Billy negó con la cabeza. Estaban cruzando a paso vivo la plaza del mercado, pasando frente a una antigua picota con cepo, con las manos hundidas en los bolsillos de sus abrigos para resguardarlas de la niebla helada que llevaba todo el día atenazando la campiña. El sargento Cole les había dicho que la biblioteca se encontraba a escasos minutos a pie de distancia.

—Se le pidió que recordara todos los detalles que pudiera acerca de Lang y mencionó un libro que tenía con él, en su regazo, mientras estaba sentado en la sala de espera. Entró con él a la consulta cuando lo llamaron; más tarde se fijó en él encima de la mesa y echó un vistazo al título. Tenía algo que ver con los pájaros, dijo, y creía que el nombre del autor podría ser Howard, aunque seguramente era Coward. T. A. Coward. Sus obras son muy conocidas. Aves de las islas británicas. Tenemos un conjunto de ellas en casa. Eran del padre de Helen.

Madden se había detenido un momento para mirar un cartel. Siguiendo las indicaciones de Cole, habían dejado la plaza y llegado a una calle curva de casas de madera, algunas de ellas aún con las estrechas ventanas esmeriladas de otra época.

—Cuando leí lo que había dicho, me pregunté qué estaría haciendo con él. Lang, quiero decir.

Billy se rascó la cabeza.

—Bueno, sabemos que le gusta observar a las aves, señor…

—Sí, pero quiero decir qué estaría haciendo con él allí. En la consulta del médico. —Madden hizo un gesto mientras continuaban.

—A lo mejor se lo llevó para mirarlo mientras esperaba. —Billy seguía sin entender adónde pretendía ir a parar su antiguo jefe.

—No es eso lo que dijo la enfermera. Es un testigo atento. Dijo que lo tenía con él. A mí eso me sugiere que lo había traído con otra intención. Pero si pensaba salir a pasear por la campiña más tarde y lo necesitaba, ciertamente lo habría dejado en su coche. La consulta de Driscoll no está lejos de aquí… se encuentra en la carretera de Petersfield. Lo miró en el mapa. La señora Hall cerró la puerta con llave cuando él se fue… las horas de consulta habían terminado… y lo vio alejándose a pie en dirección a North Street. Es la calle principal. Se dirigía al centro de la ciudad.

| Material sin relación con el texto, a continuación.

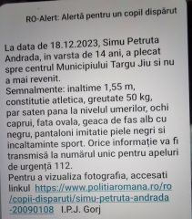 Potrivit IPJ Gorj, Simu Petruța Andrada a plecat ieri, 18 decembrie, spre centrul municipiului Târgu Jiu și nu a mai revenit. Cetățenii care au informații despre adolescentă sunt îndemnați să sune la 112.

—Donde paró en la farmacia —recordó Billy, con un estremecimiento.

Madden frunció el ceño.

—Sí, pero todavía llevaba el libro encima, ésa es la cuestión, y me pregunté adónde habría ido a continuación, y si podría haber sido aquí.

Habían llegado a su destino, otro edificio de vigas de madera, pero éste con una placa de bronce junto a la puerta que lo proclamaba Biblioteca Pública de Midhurst. Cuando Billy probó el picaporte, encontró la puerta cerrada con llave. Todavía no eran las dos.

—Verás, no tenía ningún motivo para no apuntarse a la biblioteca. —Madden se sopló los dedos—. No es que la policía anduviera tras sus pasos. Por lo que a él respectaba, usar un nombre falso era una simple precaución. Si quería echarle el guante a algún libro de referencia, éste era el lugar más indicado. Puede que ayer viniera a devolver uno. Después de todo, está a punto de irse. O eso parece.

Mientras estaban allí de pie, las luces tras las ventanas de la biblioteca se habían encendido. Billy vaciló un instante más.

—Pero, ¿por qué molestarse, señor? ¿Un hombre como Lang? ¿No birlaría el libro y punto?

—Oh, no, no lo creo —se apresuró a responder Madden—. Su objetivo en la vida es evitar llamar la atención. Si sacó el libro en préstamo, lo más probable es que lo devolviera.

—De modo que, si es socio, tendrán su nombre. O mejor dicho, el de De Beer. ¿Es eso lo que está usted pensando, señor?

—Más que eso. —La voz de Madden se había endurecido—. Habrá tenido que dejar una dirección. Y si bien es posible que sea falsa, me siento inclinado a dudarlo. Es el tipo de cosas que sólo consiguen generar preguntas. Enarcar cejas. Si salen a la luz, quiero decir. No, si se apuntó a la biblioteca… aunque sea mucho suponer… creo que les proporcionaría su dirección real. Pero pronto lo averiguaremos…

Billy comprobó el fichero por segunda vez, hojeando las tarjetas con los dedos, mirando ahora en la b.

—Nada, señor. No está aquí.

Ya habían consultado la d.

—No hay ningún De Beer.

Madden soltó un gruñido. Estaba de pide junto a la mesa con los brazos cruzados, observando. Billy vio la decepción reflejada en su rostro.

—¿Cree usted que podría haber empleado otro nombre? —preguntó, pero Madden sacudió la cabeza.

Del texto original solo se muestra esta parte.